09/09/2009 05:12 am ET Updated May 25, 2011

Universal Health Care: Possible?

A single-payer health care system in the U.S. seems desirable, but probably not attainable given the power of the insurance industry, for-profit medical corporations & other pressure groups. However, it may be possible to cover the estimated 47-50 million people who are uninsured with a plan that provides basic health care, as has been established in the state of Oregon. This plan would include those now on Medicaid, and could include others who would pay for coverage.

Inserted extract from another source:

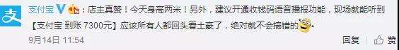 對此,支付寶官方表示,建議開通收錢碼語音播報功能,現(xiàn)場就能聽到“支付寶到賬7300元”,應該所有人都回頭看土豪了,絕對就不會搞錯的。
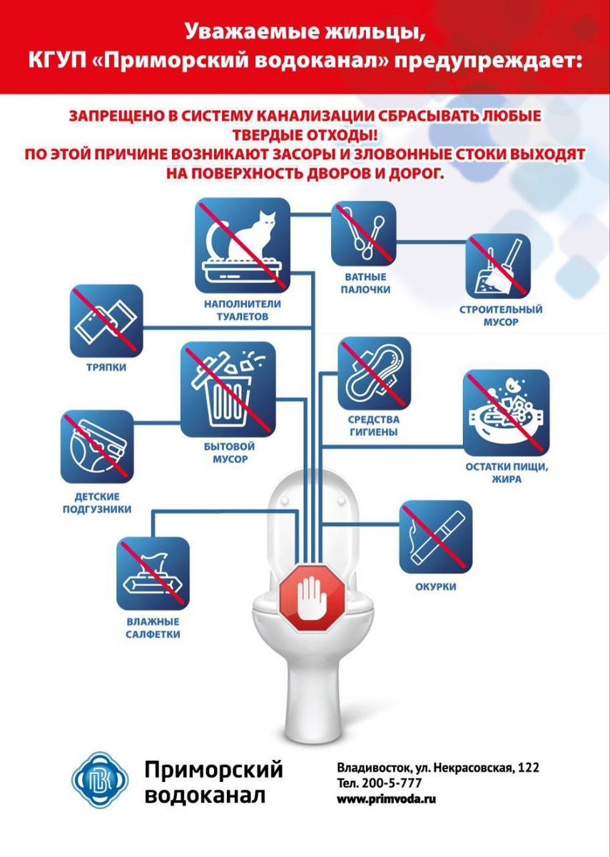 В конце сентября Примводоканал проанализировал заявки, поступившие в диспетчерскую предприятия в 2024 году, и составил топ адресов, где чаще всего засоряется канализация из-за того, что в неё кидают посторонние предметы. В первой тройке оказались жилой комплекс «Алые паруса», Патрокл и ЖК «Изумрудный». Специалисты подчёркивают, что часто канализация засоряется именно туалетной бумагой – влажной, которую нельзя туда бросать – и влажными салфетками. Многие не знают, что смывать влажную туалетную бумагу, даже если на упаковке написано, что она смываемая или биоразлагаемая, категорически нельзя.

The soaring cost of medical care in the U.S. is a major issue now, and methods suggested to ameliorate this could include electronic medical records, cutting administrative costs, and paying physicians a salary instead of fee-for-service care. There are two areas of research in the field of medical care delivery, not well known to the public, that could improve medical care while cutting costs. These are Quality of Care criteria and Evidence-Based Medicine.

The criteria of Quality of Care are meant to establish guidelines for physicians, both primary care and specialist, for what should be done and not done in his or her practice to stay within guidelines of good medical care. Often, these are based on evidence-based medicine, which holds that any treatment, either medical or surgical, should be established as safe and effective by stringent research. A recent example of this is the treatment of osteoporotic vertebral fractures by injecting a cement into the vertebral body to relieve pain. This treatment was widely hailed and demanded by patients, but a recent report suggests that the treatment was no better than placebo.

As a famous architect once said, in another context, "Less is more."